The industry anatomy of the transatlantic productivity growth slowdown: Similarities outweigh the differences
Since 2005, productivity growth in america and Europe has dipped below 1%. Using new industry-level from the united states and ten EU countries, this column implies that that the industrial composition of the slowdown was similar in Europe and the united states. Falling multifactor productivity growth explains both magnitude and composition of falling productivity growth on both sides of the Atlantic. Decelerating technical change, instead of slowing investment, was the principal driving force in the transatlantic slowdown.
Slowing labour productivity growth for just about any given income share of labour directly results in a slower growth rate of real wages and a nation’s quality lifestyle. Each percentage point where productivity growth declines results in the same decrease in the growth rate of potential output, reducing a nation’s capacity to finance national security, education, healthcare, and old-age pensions.

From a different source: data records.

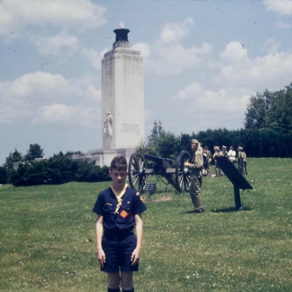 My uncle, Ronald Falkner, at Gettysburg National Military Park in Gettysburg, Pennsylvania. My grandfather, George Ernest Falkner, Jr. was a Boy Scout troop leader for a trip to Washington D.C. in the late 1940s/early 1950s. They went to the U.S. Capitol and Mount Vernon, with a stop in Gettysburg, Pennsylvania. This is a scan of a Kodachrome slide. #falknerjarrell #falknergenealogy #falkner #redford #redfordmi #familyhistory #genealogy #genealogia #genealogie #généalogie #familyphotos #oldphoto #oldphotos #americanhistory #americancivilwar #civilwar #civilwarhistory #gettysburg #gettysburgbattlefield #gettysburgpa #warbetweenthestates #foundingfather #virginia #kodachrome #kodachromeslide #vintagebus #bustrip #uscapitol #boyscouts #1950s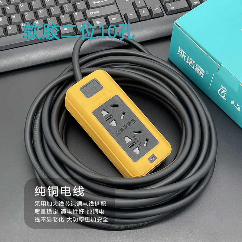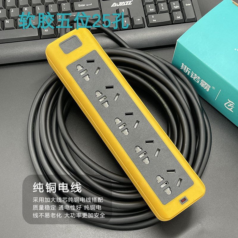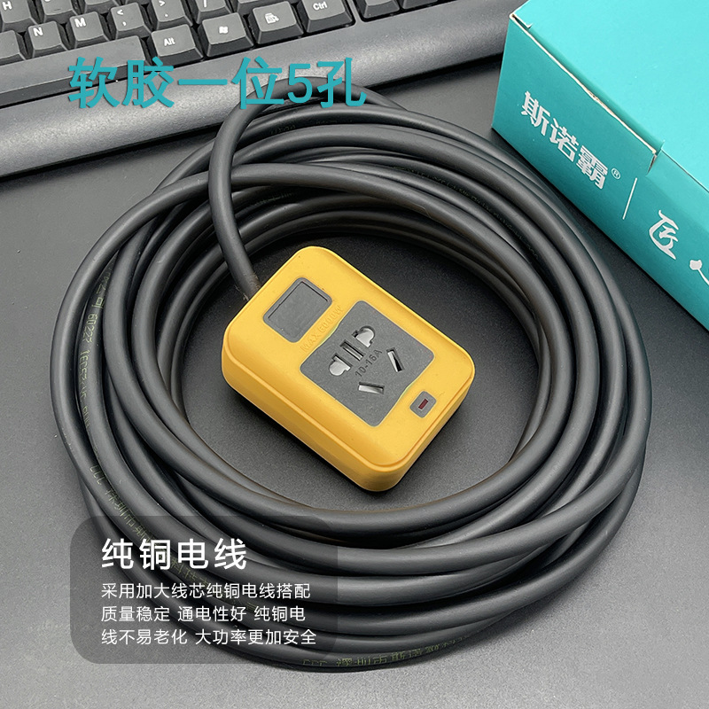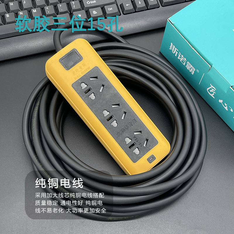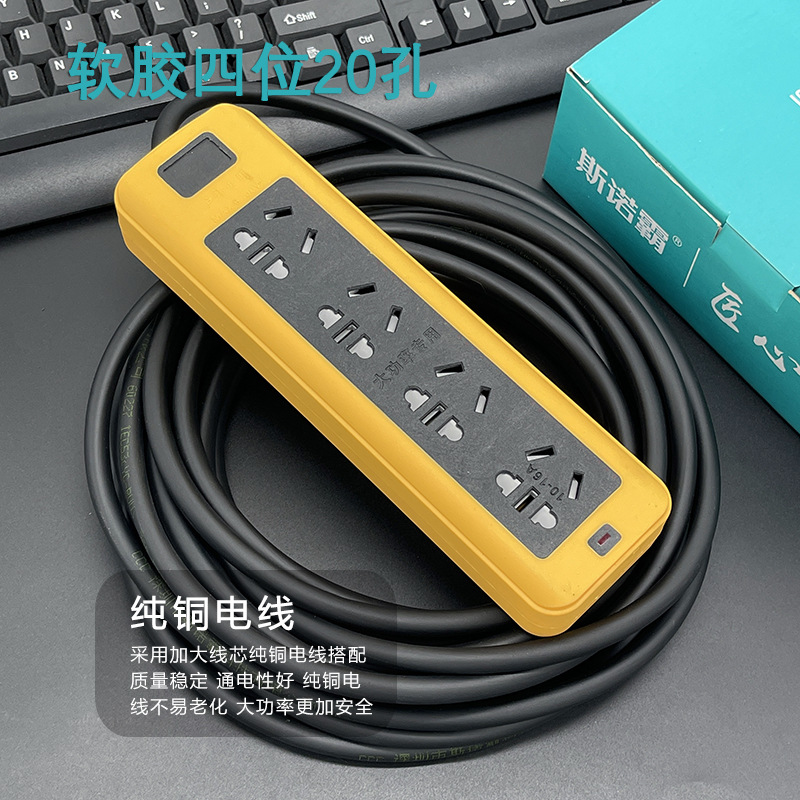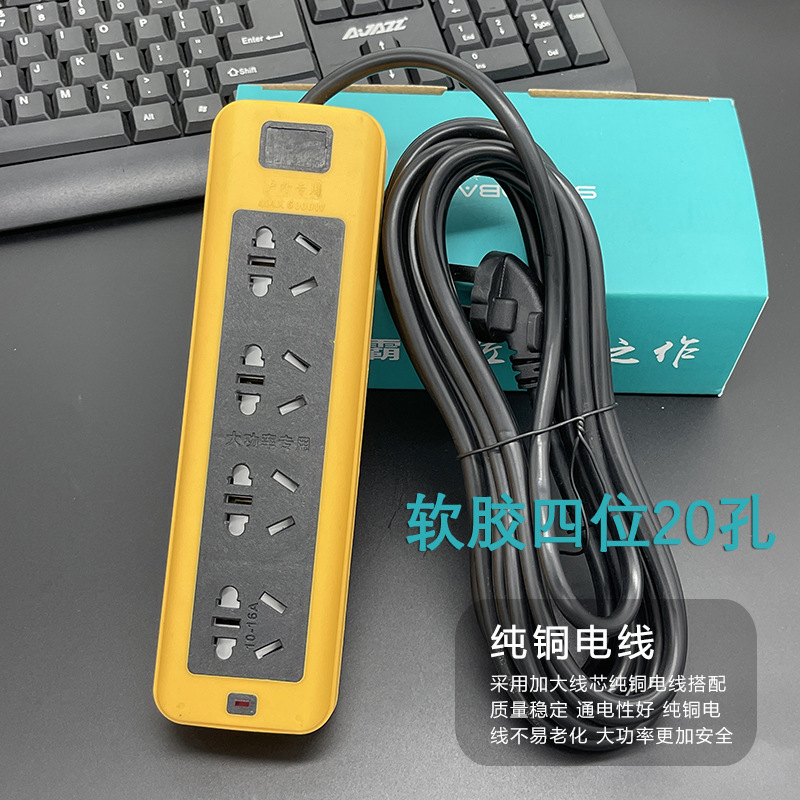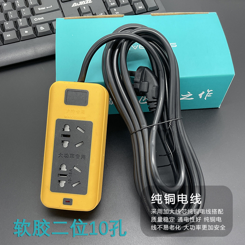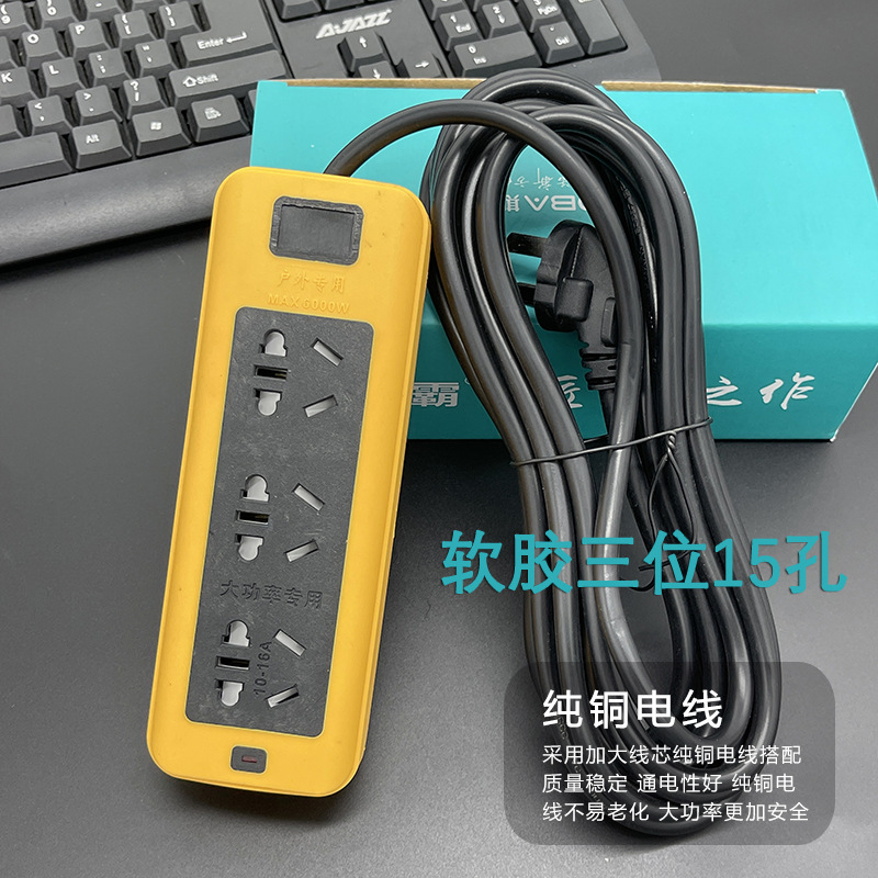 防摔地拖插座带线排插大功率软胶工地插线板多插孔纯铜线芯2-30米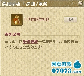 只要每天登錄游戲,哪怕什么都不做,就會每天收到我們給你提供的日常禮包,并且隨著在游戲中職位的提升,禮包獎勵的內(nèi)容也會發(fā)生變化。并且,我們在一周的每一天,都有豐富的界面活動等你來玩,玩的好也會收到我們的禮物。
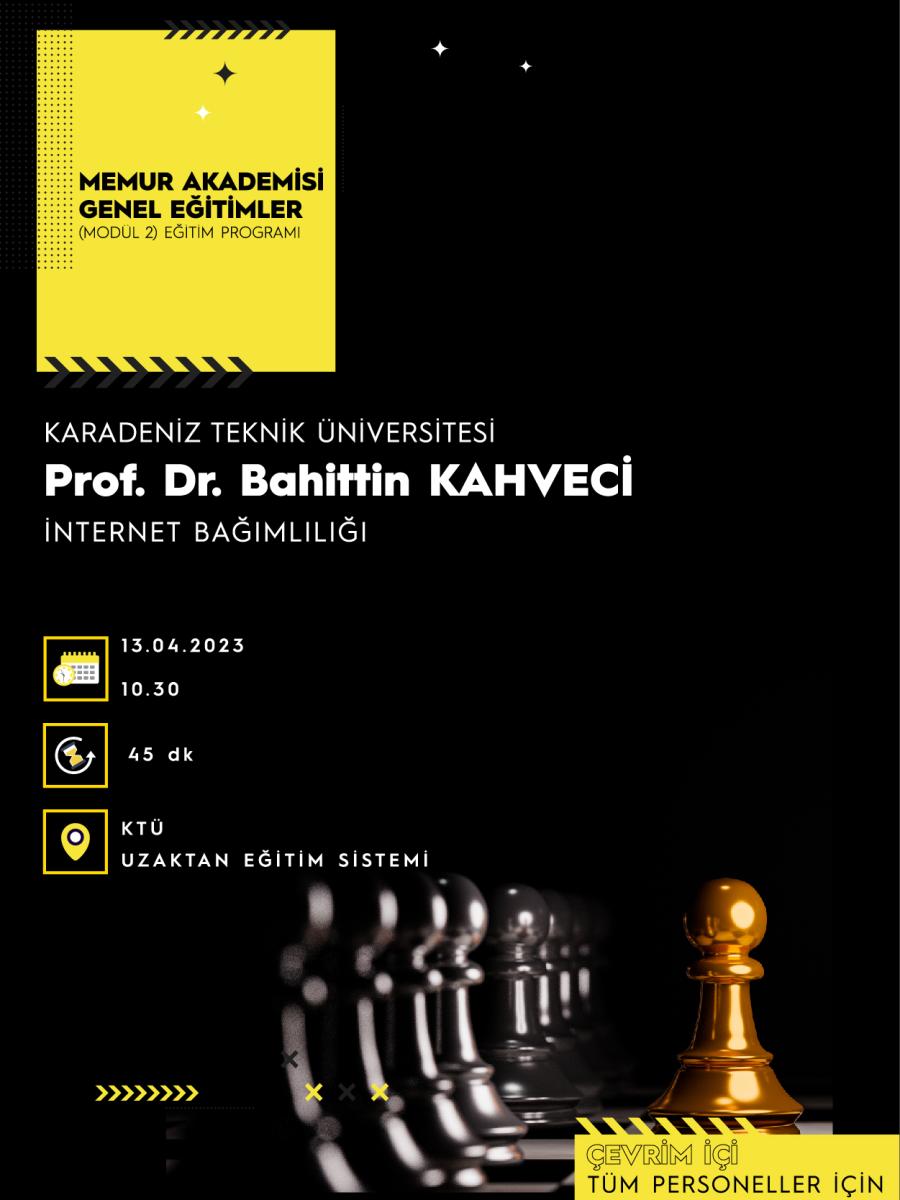 Üniversitemiz Sağlık Bilimleri Fakültesi öğretim üyesi Prof. Dr. Bahittin KAHVECİ tarafından tüm personellerimize yönelik "İnternet Bağımlılığı" eğitimi çevrim içi olarak KTÜ Uzaktan Eğitim Sistemi aracılığıyla 13.04.2023 tarihinde saat 10.30'da gerçekleştirilecektir.

Tepid rates of productivity growth below 1% in both US and Western Europe since 2005 have raised the spectre of secular stagnation, blamed variously on lagging innovation, low investment, growing corporate concentration, reduced business dynamism, and rising income inequality. The productivity slowdown has taken centre stage in monetary policy deliberations through the downward pressure it has exerted on the true natural interest, giving central banks less room to drop rates to combat future recessions. For instance, estimates of the united states natural rate by the Federal Reserve Bank of NY (2019) predicated on work by Laubach and Williams (2003) show a decline from over 4% in the 1970s to under 1% in the 2010s.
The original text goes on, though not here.